22. Process Oriented Simulation, take 1

Part of CS:2820 Object Oriented Software Development Notes, Fall 2015
by Douglas W. Jones
THE UNIVERSITY OF IOWA Department of Computer Science

 

Abstract Processes in Simulation

Another approach to simulation that is not universally applicable is to view the simulation as a set of interacting logical processes. This is not a universal view, but we can view some models in these terms. Specifically, of our two example simulation problems we have been working with this semester, the road network simulation problem can be easily converted to a process-centered model, while the other cannot.

In a road network, each vehicle can be viewed as a separate process that has a continuous identity. From a logical perspecive, a vehicle follows the following top-level algorithm:

new vehicle();
Intersection i = the creating intersection:
repeat
	wait for i.travelTime;
        Road r = pickRoad();
	Intersection.Exit();
	r.Enter();
	wait for r.travelTime;
        r.Exit();
	Intersection.Enter();
until Intersection is in class sink
crush vehicle();

The above is obviously not an executable algorithm, but it allows us to think about a vehicle-centered view of simulation, where intersections and roads are passive components of the model.

We will continue to think in event-centered terms, and we will revert back to the lambda-expression event scheduling framework, but now, our simulation model will focus on vehicles. Events in our new model will happen primarily to vehicles, the primary actors in our simulation model.

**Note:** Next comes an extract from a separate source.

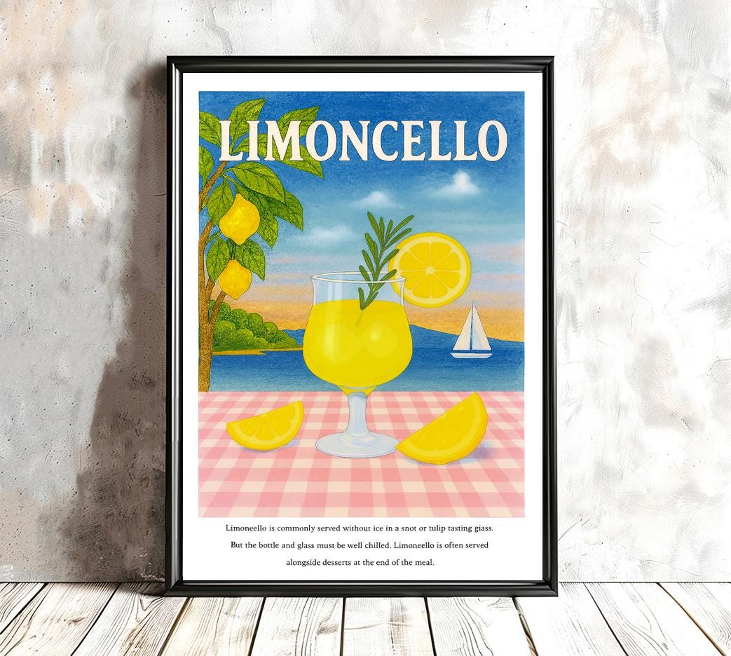 Limoncello Cocktail Recipe Poster: Summer Beverage Art Print

There will still be some events that apply to intersections. For example, source intersections must have a logical process to decide when to create vehicles, and intersections that have queueing disciplines must pick which vehicle is dequeued. This gets most complex when we introduce stoplights, where we might imagine the following as an outline of the operation of an intersection process:

repeat
	allow east-west travel;
        wait for light delay time;
	stop east-west travel;
	allow north-south travel;
        wait for light delay time;
	stop north-south travel;
forever

The above process outline is for a stoplight that allows equal service to each travel direction. Stoplights for secondary road intersections can allow longer green lights to the main road and shorter green lights to the secondary road. Stoplights can also incorporate vehicle sensors so that the light changes quickly to service vehicles waiting at a red light if either there is no traffic on the currently green-light path or if the wait on the red side has been long.

Class Vehicle

We can make this change to our road-network simulator using either the lambda-expression based simulation framework or the class-hierarchy-based simulation framework. In this case, let's start with the latter as we begin to think about how to re-engineer class Vehicle.